§ **Entries provided**:
==================================================
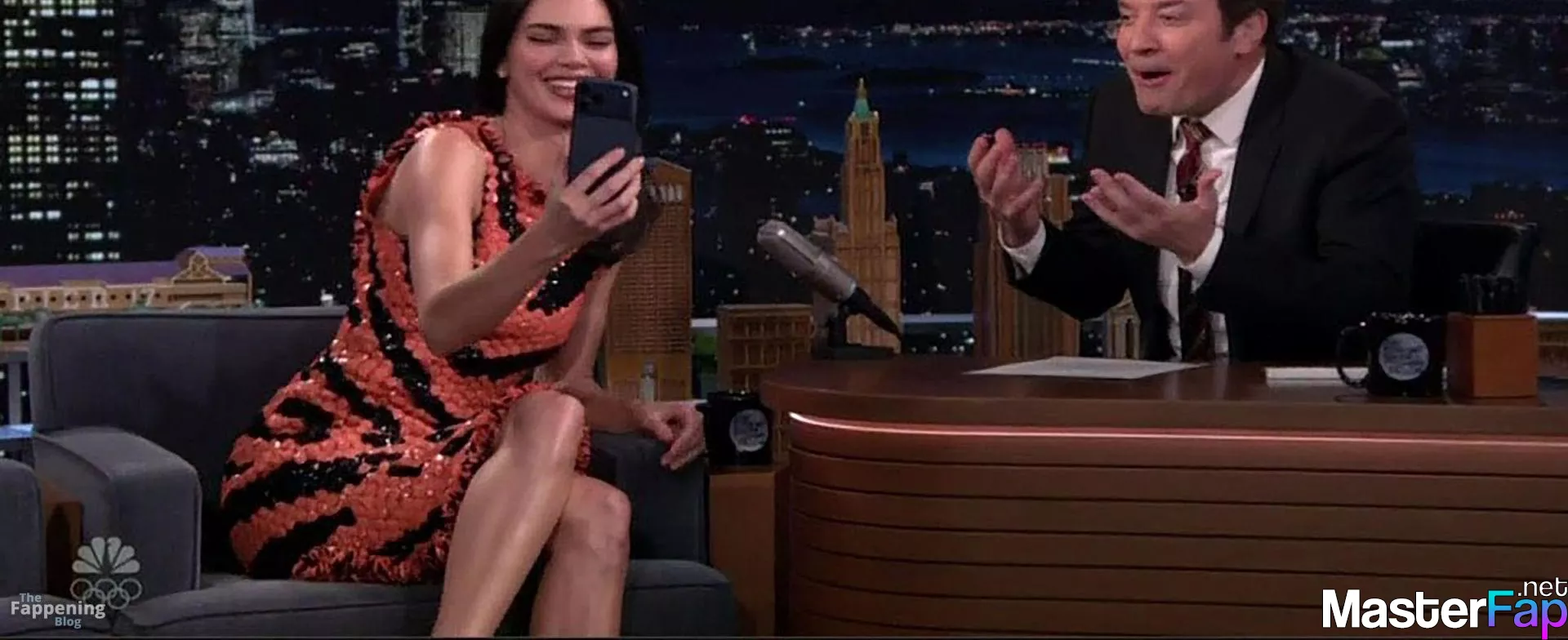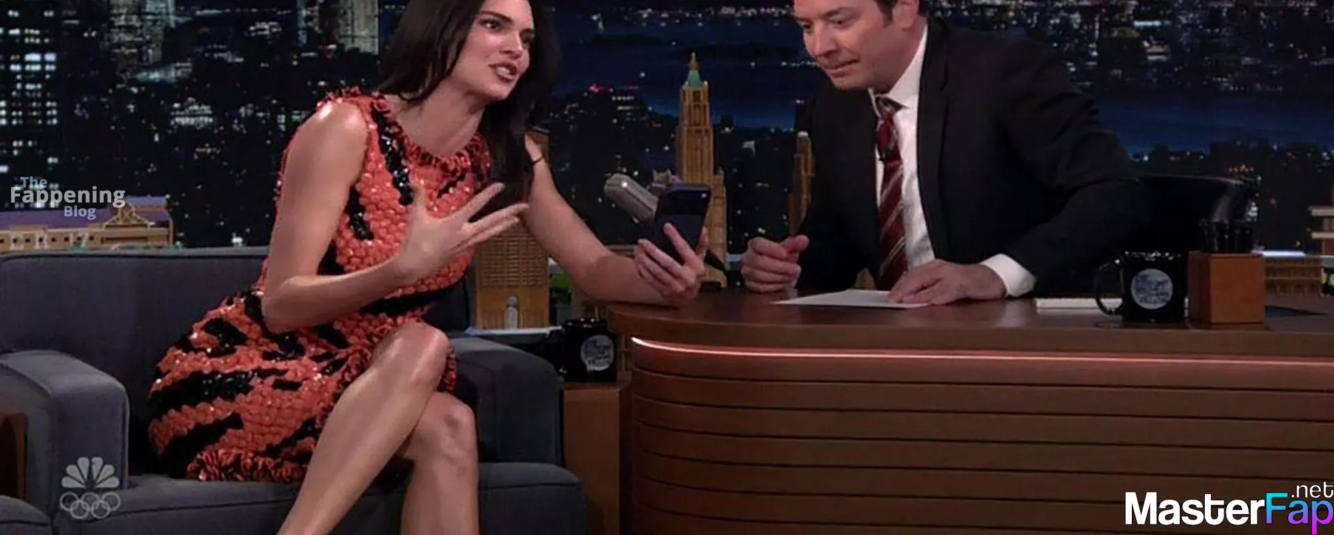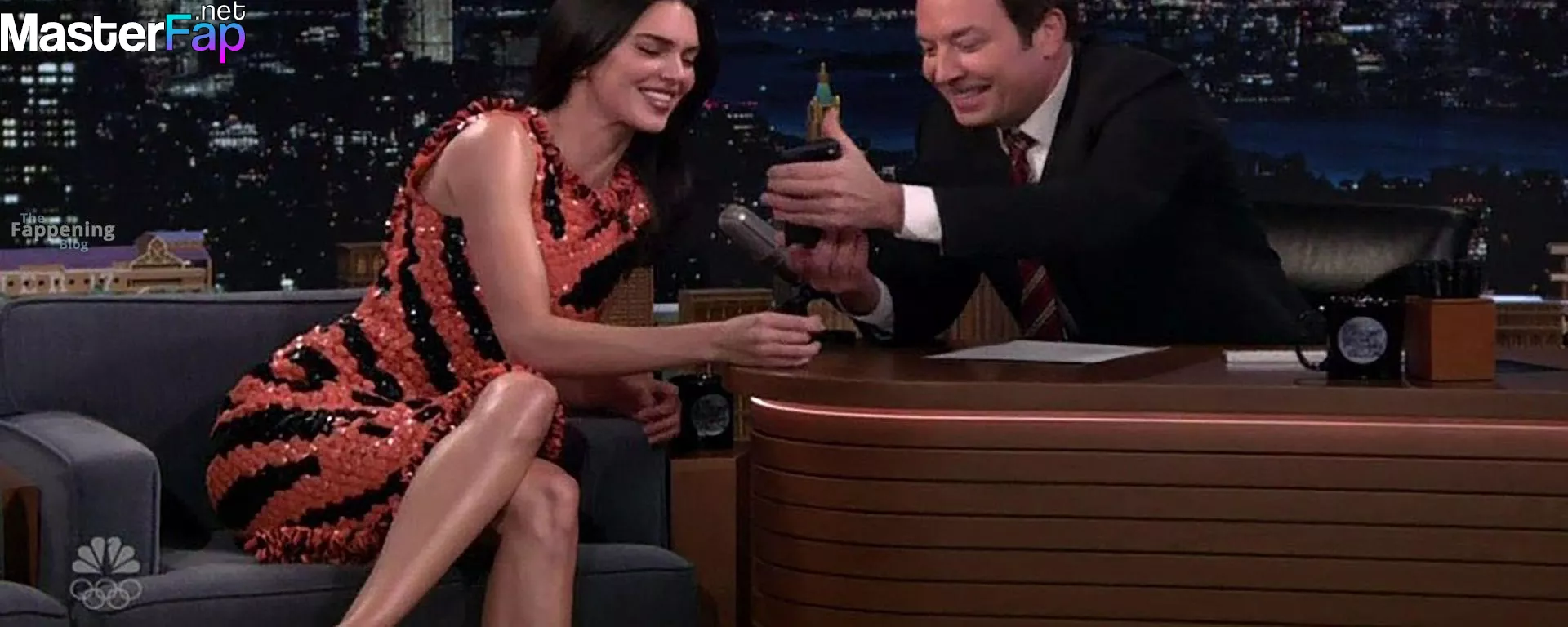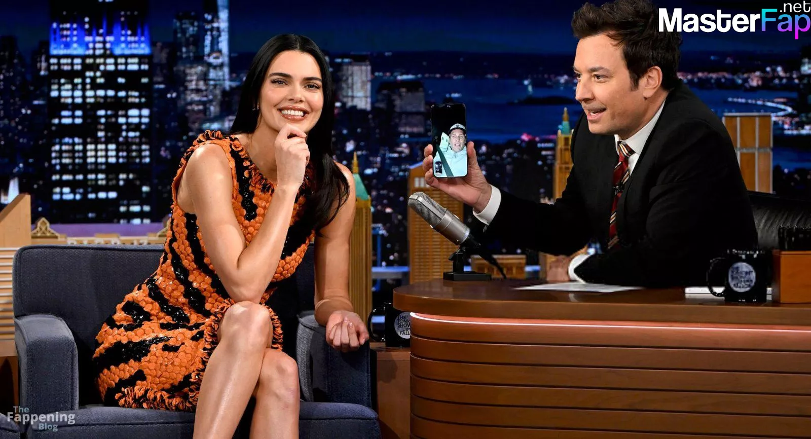 Kendall Jenner is seen in Midtownin New York City. Check out her skin-tight tiger-stripe Chanel dress on Fallon.
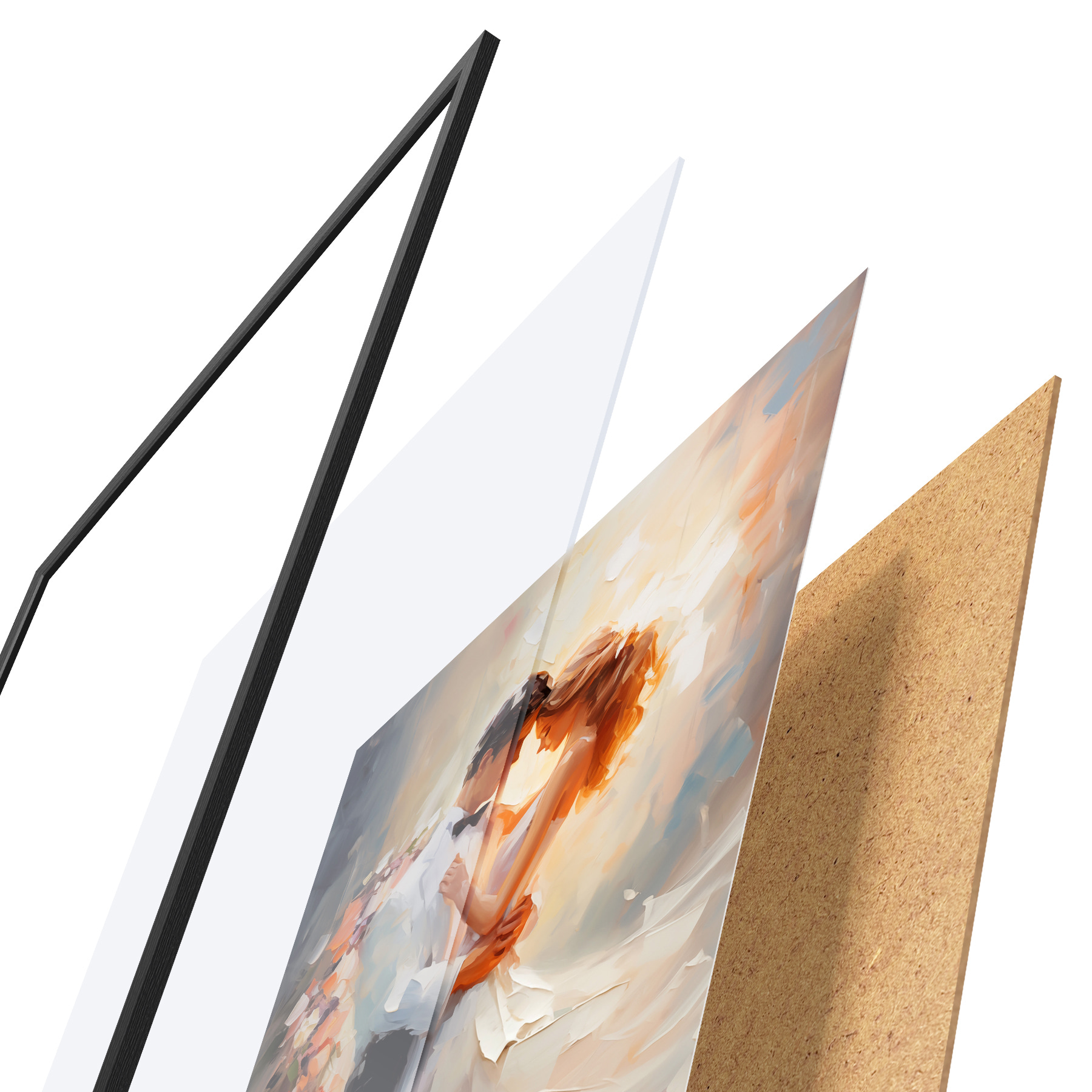 El póster consta de marco, plexiglás, imagen impresa y soporte de aglomerado. El póster puede colgarse inmediatamente en la pared gracias a los soportes de la parte posterior.
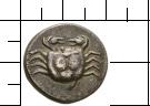 eme [in lykischer Schrift]. Krebs in punktiertem Quadratum incusum.
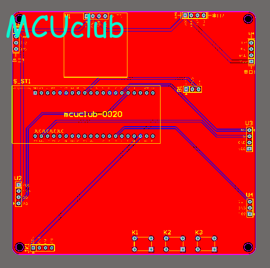 注意:PCB图中间有一个项目编号,隐藏在单片机底座下,插入单片机后不会看到。如果想截没有项目编号的PCB图,可在PCB源文件中点击删除。另外,如果想在实物PCB板上加自己的信息(比如日期、学号、姓名等),可联系客服。
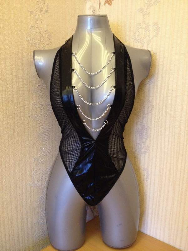 Чувственное боди из сетки и виниловых вставок. Цепочки добавляют в образ нотку разврата. В комплекте наручники.
==================================================
§ **About this exercise**:
Repeat exactly the lines above, from the line containing "注意:PCB图中间有一个项目" through the last line of the records, inclusive; omit any pictures.

§ **Problem solution**:
 注意:PCB图中间有一个项目编号,隐藏在单片机底座下,插入单片机后不会看到。如果想截没有项目编号的PCB图,可在PCB源文件中点击删除。另外,如果想在实物PCB板上加自己的信息(比如日期、学号、姓名等),可联系客服。
 Чувственное боди из сетки и виниловых вставок. Цепочки добавляют в образ нотку разврата. В комплекте наручники.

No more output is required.